Your 2026 calendar is already groaning, isn't it?
Planning sessions and board decks demanding your attention. Emails and meetings stuffing your inbox like that Thanksgiving turkey. When life and work stack like Jenga blocks, the instinct (the pressure, really) is to rally the troops and charge ahead.
Pausing… slowing down… is… almost as irksome as using three sets of ellipses in a row.
I’ve lived it, and I see it with my clients: Fast-growing companies reward velocity, so the “speed is currency; hesitation is death” mindset is almost impossible to tune out.
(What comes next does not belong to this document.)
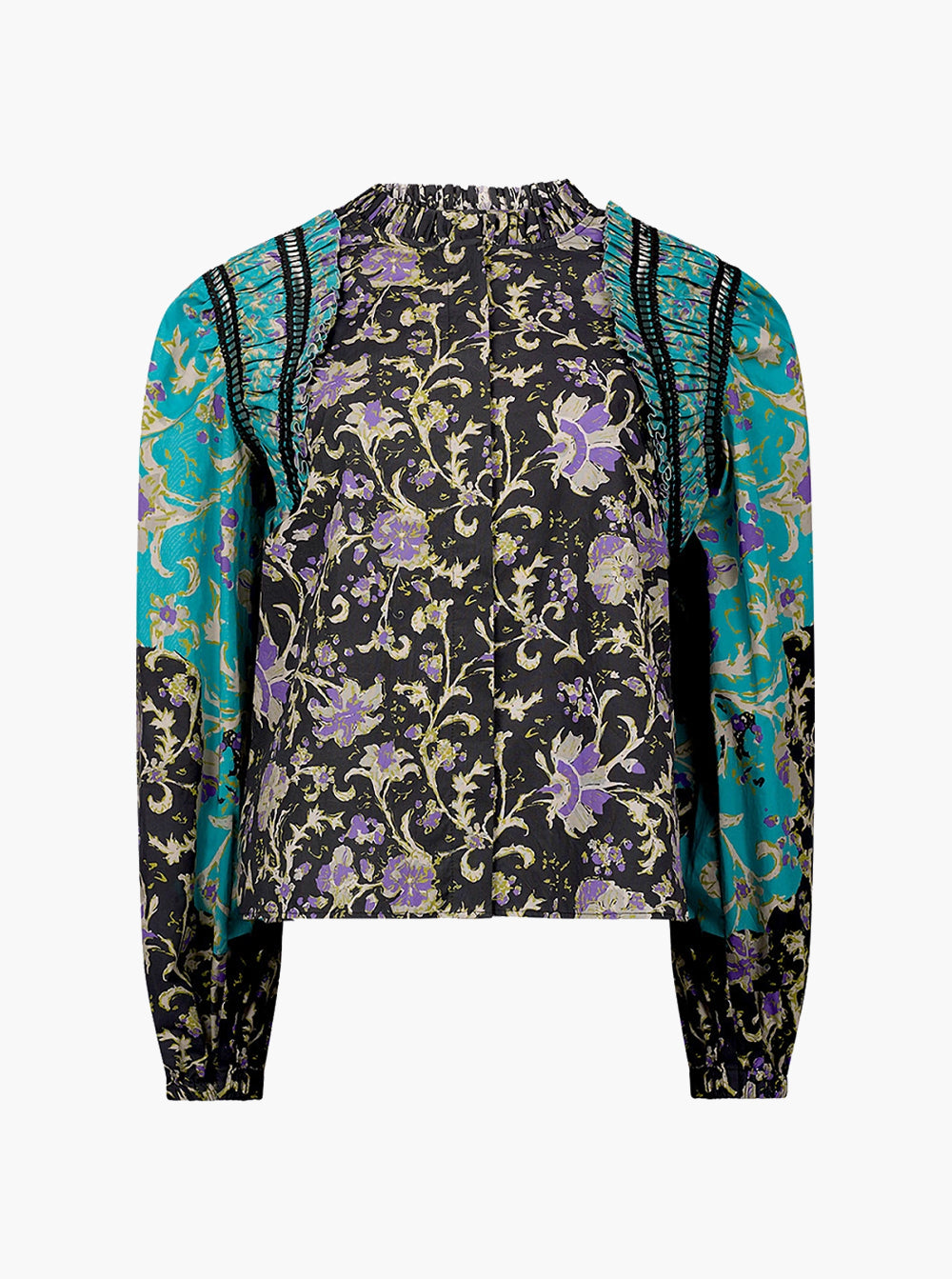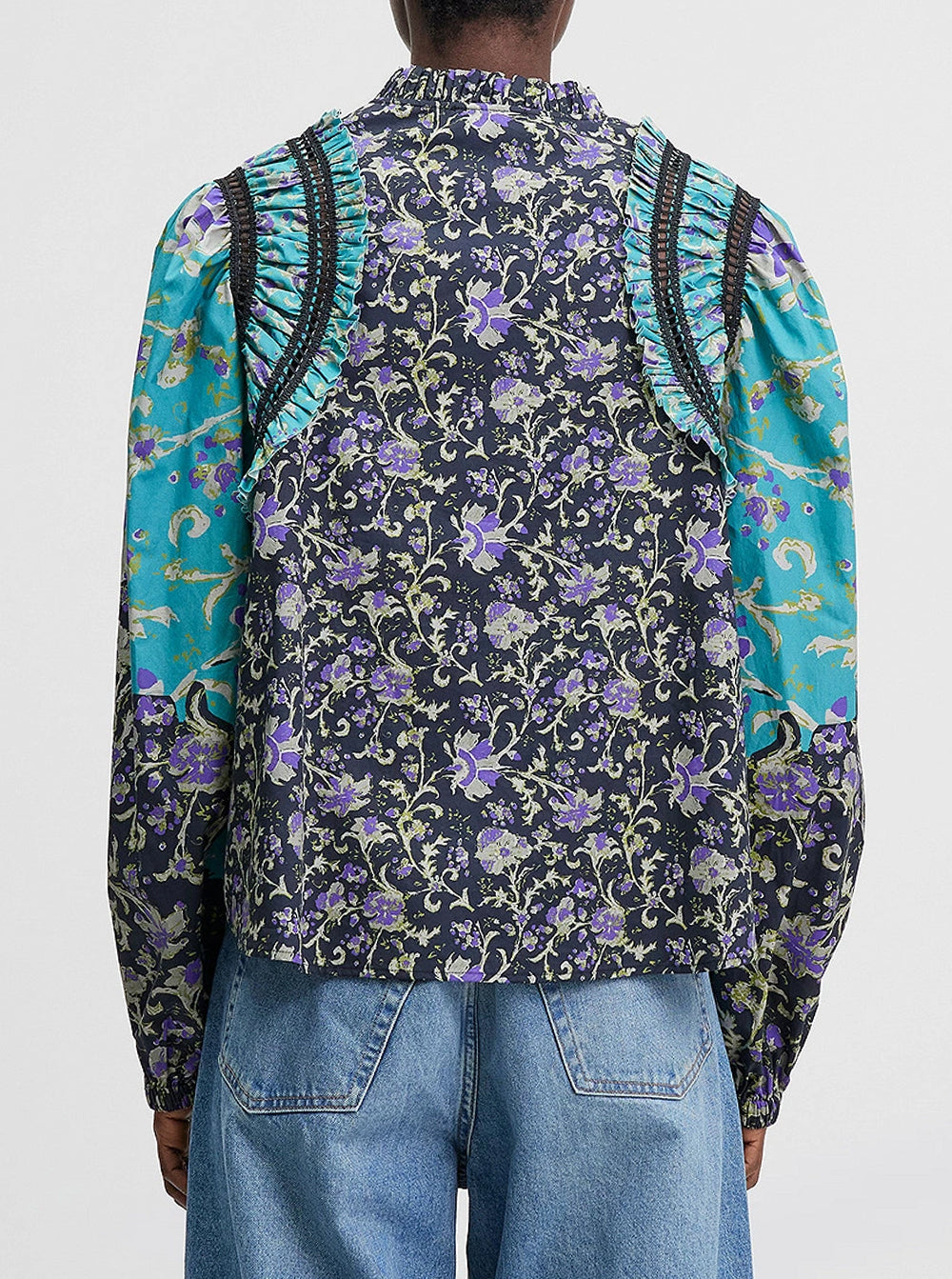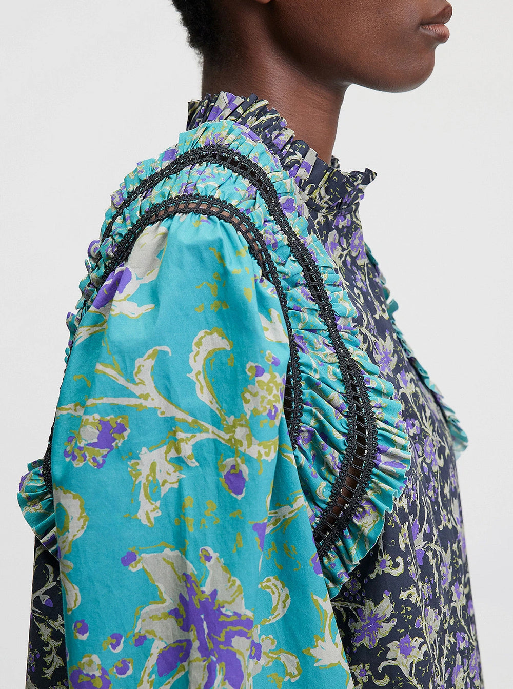 Regular price $199.00Discover Mes Demoiselles' cotton blouse with a black and turquoise floral print, a piece that exudes freshness. Its straight cut offers an elegant and versatile silhouette.

Nevertheless, in this issue, I invite you to swap tactical to-dos for reflection and self-analysis just for an hour or so. You could skip this and speed into 2026, but leaders who do that move fast in the wrong direction.
I could drone on about how leaders who build reflective practices make better decisions, lead more resilient organizations, and prevent months of misalignment with just a few hours of strategic thinking. But that would be akin to me telling you about the benefits of sleep or exercise.
Pausing to reflect is one of those behaviors that’s good for you but rarely executed. (We actually talked about this in last year’s December issue, “Why smart people do dumb things.”)
So this year, I'm making it easier.
I'm sharing the reflection exercise I’ve historically given only to my coaching clients. It's a straightforward guide that takes ~30 minutes.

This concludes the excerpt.